_Task data_:
==========
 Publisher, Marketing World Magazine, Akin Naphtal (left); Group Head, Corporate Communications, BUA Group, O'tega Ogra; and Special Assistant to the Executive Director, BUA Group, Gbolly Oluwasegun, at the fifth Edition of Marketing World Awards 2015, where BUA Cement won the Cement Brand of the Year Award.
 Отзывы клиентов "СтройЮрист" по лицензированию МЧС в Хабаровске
==========
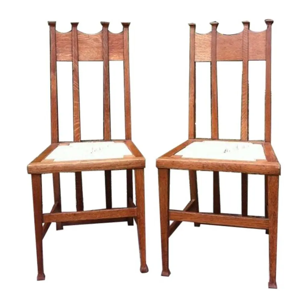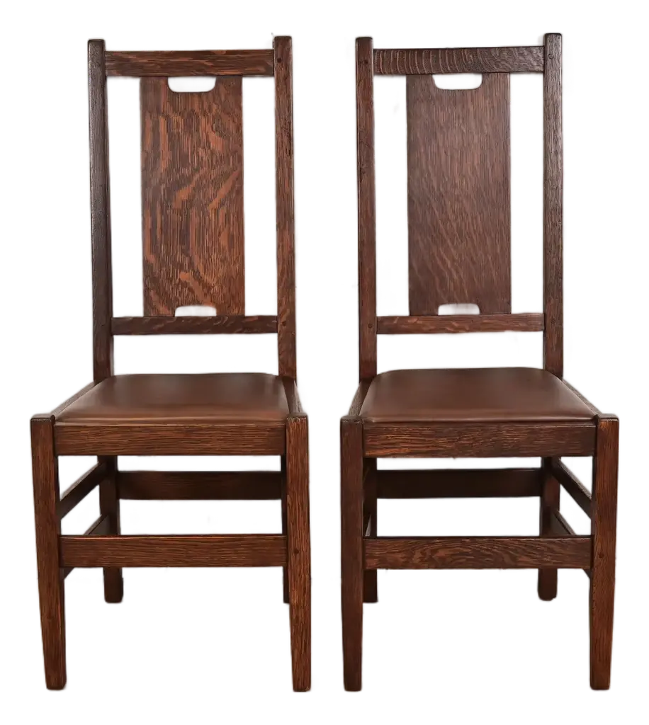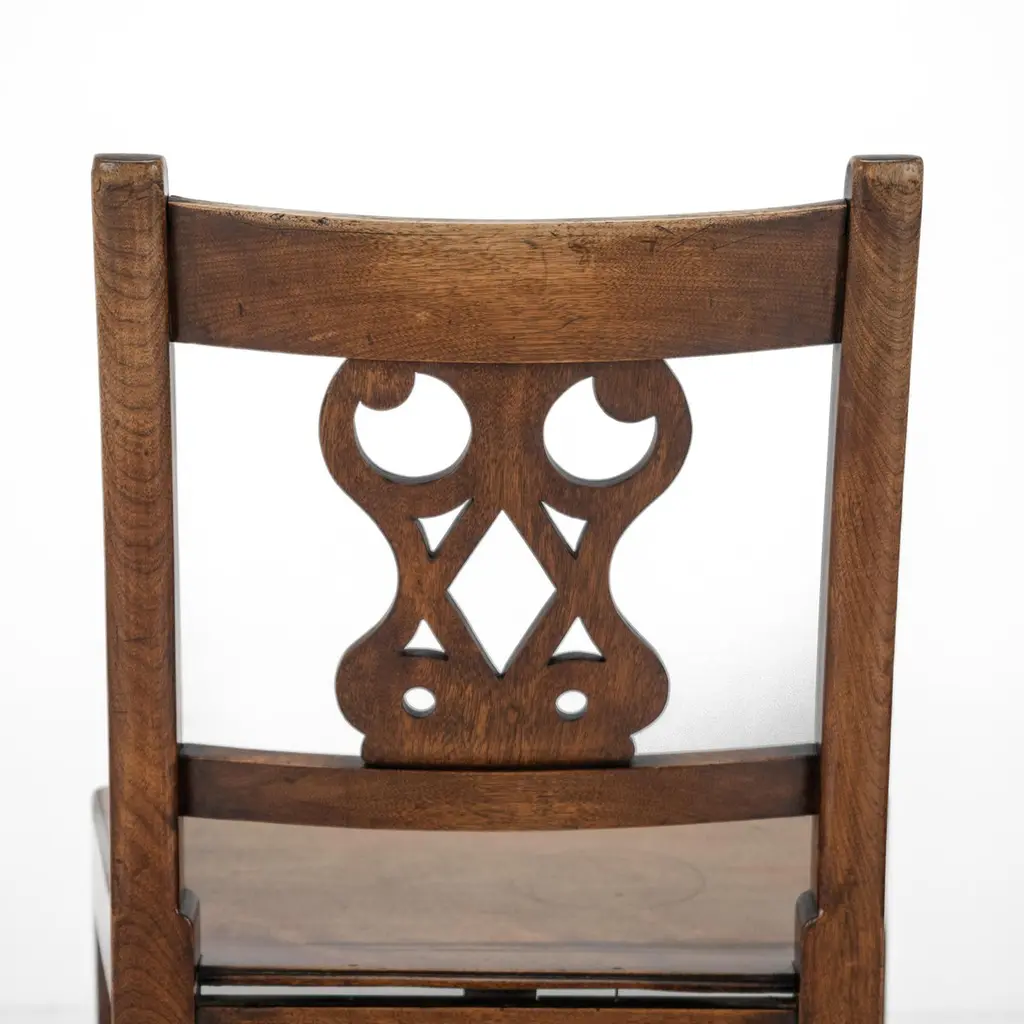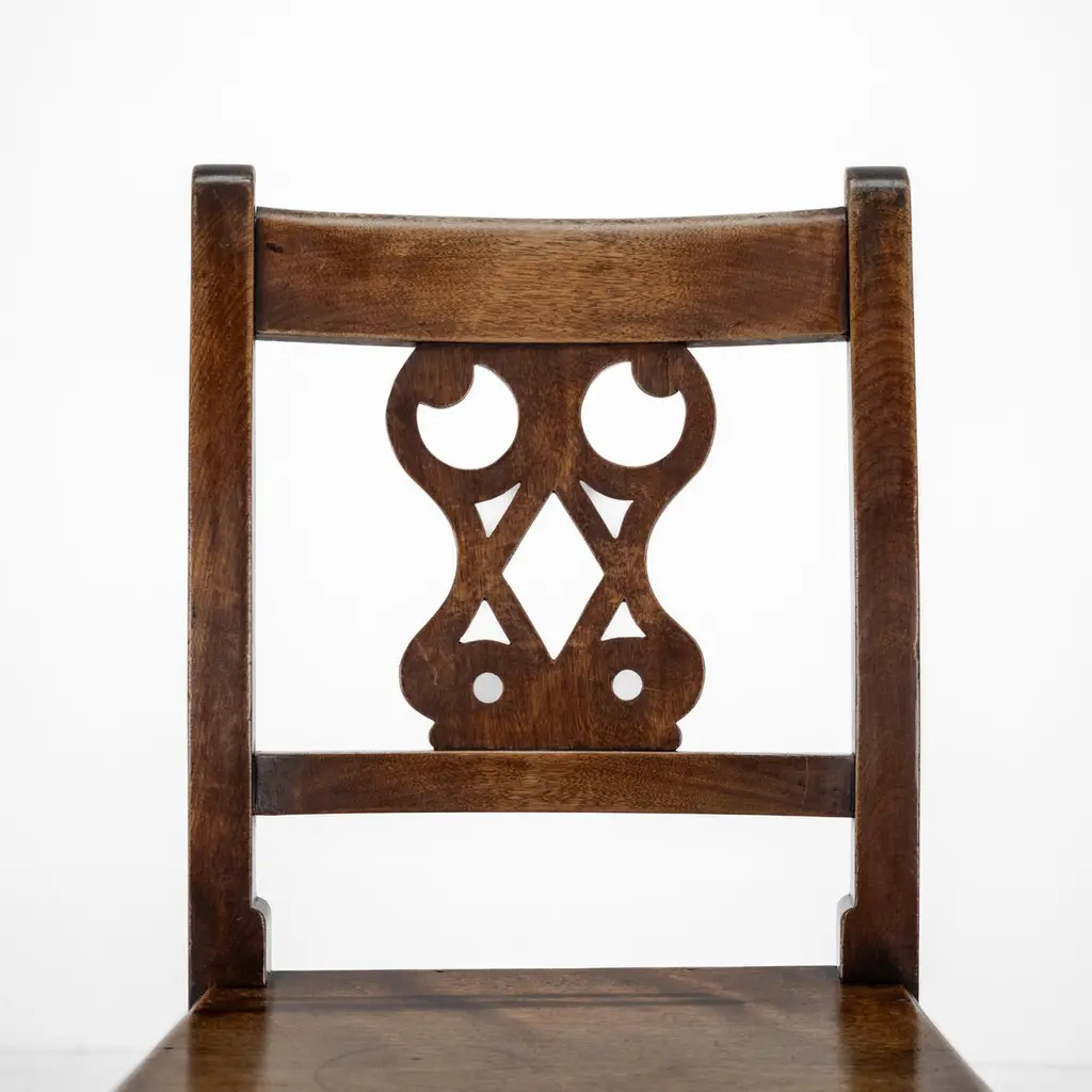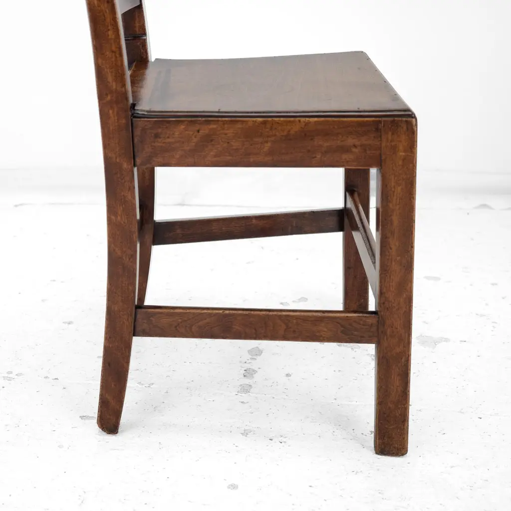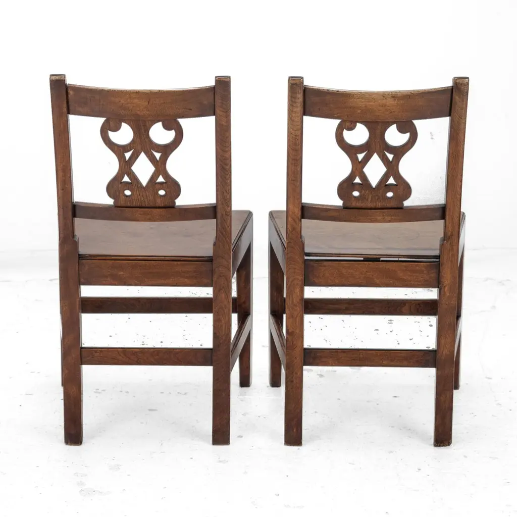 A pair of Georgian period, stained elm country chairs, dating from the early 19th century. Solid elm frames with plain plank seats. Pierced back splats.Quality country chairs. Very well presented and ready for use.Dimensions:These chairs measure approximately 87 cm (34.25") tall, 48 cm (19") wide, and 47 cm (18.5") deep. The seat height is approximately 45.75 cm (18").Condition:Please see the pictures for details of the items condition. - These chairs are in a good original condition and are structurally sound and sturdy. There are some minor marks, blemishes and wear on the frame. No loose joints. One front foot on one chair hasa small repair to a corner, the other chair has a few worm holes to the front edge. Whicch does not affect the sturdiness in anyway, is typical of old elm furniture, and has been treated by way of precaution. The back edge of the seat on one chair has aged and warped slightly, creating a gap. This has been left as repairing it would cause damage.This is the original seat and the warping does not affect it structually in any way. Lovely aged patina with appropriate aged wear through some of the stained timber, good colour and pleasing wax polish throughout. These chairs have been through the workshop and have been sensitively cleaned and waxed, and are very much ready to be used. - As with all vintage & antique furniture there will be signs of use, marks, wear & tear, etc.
==========
_Problem requirements_: All lines above from the one with "Publisher, Marketing World" to the one with "МЧС в Хабаровске", inclusive, should be copied exactly, and no other lines.

_Answer area_:
 Publisher, Marketing World Magazine, Akin Naphtal (left); Group Head, Corporate Communications, BUA Group, O'tega Ogra; and Special Assistant to the Executive Director, BUA Group, Gbolly Oluwasegun, at the fifth Edition of Marketing World Awards 2015, where BUA Cement won the Cement Brand of the Year Award.
 Отзывы клиентов "СтройЮрист" по лицензированию МЧС в Хабаровске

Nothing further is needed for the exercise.